ConJur — Os avanços e mudanças experimentados durante a crise sanitária terão impacto duradouro no tribunal? Humberto Martins — O tribunal hoje está plenamente adequado para o teletrabalho de servidores e para a realização de sessões de julgamento por videoconferência ou híbridas, com parte dos ministros, advogados e membros do Ministério Público podendo participar presencialmente ou por videoconferência. Para os servidores, foram criadas e instaladas salas de reunião e de trabalho coletivas, denominadas Salas Multiuso Conecta STJ, inspiradas no modelo de
coworking, especialmente para os servidores que estão em teletrabalho e precisam vir ao tribunal e não necessitam de estações de trabalho permanentes. Essas alterações foram possíveis com investimentos maciços em tecnologia da informação, possibilitando ao STJ estar permanentemente conectado, facilitando o acesso de partes e advogados ao Tribunal da Cidadania. Foram adotadas medidas sanitárias e emergenciais para resguardar a vida dos que transitam por esta casa. A atividade jurisdicional foi mantida por meio de sessões virtuais e por videoconferência, o que tornou possível a redução do acervo dos processos do STJ. O nosso empenho contou com o reforço de mão de obra qualificada. Durante a gestão, nomeamos mais de cem novos servidores para as diversas áreas do tribunal, mantendo, inclusive, os investimentos em capacitação e aperfeiçoamento da nossa força de trabalho. Em sintonia com a Agenda 2030 e os Objetivos de Desenvolvimento Sustentável (ODS), o Superior Tribunal de Justiça também buscou modernizar a gestão, tornando-a menos burocrática e cada vez mais participativa e transparente para o jurisdicionado.
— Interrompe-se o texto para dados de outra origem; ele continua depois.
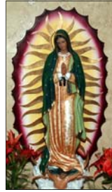
- Chinny Malikal
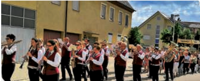
Fronleichnamsprozession untermalt vom MVO

Wie jedes Jahr umrahmte der Musikverein Obergrumbach die Fronleichnamsprozession. Mit feierlichen Märschen begleiteten die Musiker/innen die katholische Kirchengemeinde durch den Ort zu den verschiedenen Stationen mit dem Blumentepichen und Altären. Während die Orgelbegleitung nur in der Kirche möglich ist, half der MVO den Gläubigen dabei, an den einzelnen Stationen den richtigen Ton der jeweiligen Kirchenlieder anzustimmen. Es war zwar schlechtes Wetter angesagt, aber während des Festzuges kam die Sonne hervor, so dass es ein strahlendes Erlebnis wurde. Auf gutes Wetter und wunderbare musikalische Unterhaltung zählt der MVO auch am kommenden Wochenende, wenn von Sonntag bis Montag das Musikfest in der Dreschhalle steigt.
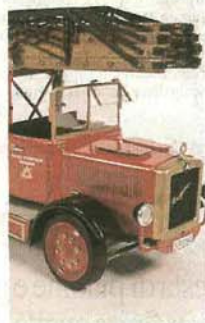
PEZZO DI STORIA L'autoscala dei pompieri genovesi, classe 1929, tuttora funzionante
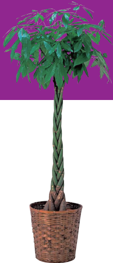
パキラ(8号・10号鉢) 販売価格(税別) 【8号】¥10,000 【10号】¥15,000
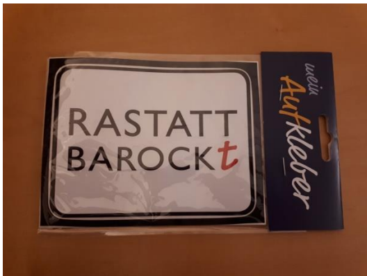
Sticker „Rastatt barockt“

ConJur — Quais as estratégias de gestão de processos e gerenciamento de precedentes a corte tem usado? Humberto Martins — A gestão de processos e o gerenciamento de precedentes são eixos da minha administração na Presidência do STJ e de fundamental importância para a estabilização das relações sociais e econômicas. Nos últimos anos, é possível constatar uma sensível melhoria da gestão dos recursos repetitivos no âmbito do STJ, inclusive com a possibilidade do emprego da inteligência artificial para a identificação de casos concretos que concentram grande volume de processos, cuja discussão de fundo é a mesma tese jurídica, para que sejam elaborados pela corte os respectivos precedentes qualificados. A efetiva observância dos precedentes judiciais auxiliará não somente o STJ, enquanto unificador da jurisprudência infraconstitucional, mas trará segurança e produtividade aos juízos de primeiro e segundo graus, que terão um norte para seguir quando se depararem com teses jurídicas firmadas nas instâncias superiores. Os grandes litigantes perante o STJ, em especial os órgãos de defesa jurídica dos estados e da União, como a Advocacia-Geral da União e as Procuradorias dos Estados, estão firmando acordos de cooperação técnica para receberem informações consolidadas sobre os processos em que atuam, a fim de pedir desistência dos recursos que não têm possibilidade de êxito à luz da jurisprudência desta corte, o que proporciona uma redução dos processos tramitando, além de abreviar a duração do trâmite do processo, o que é bom para o Poder Judiciário e para as partes litigantes.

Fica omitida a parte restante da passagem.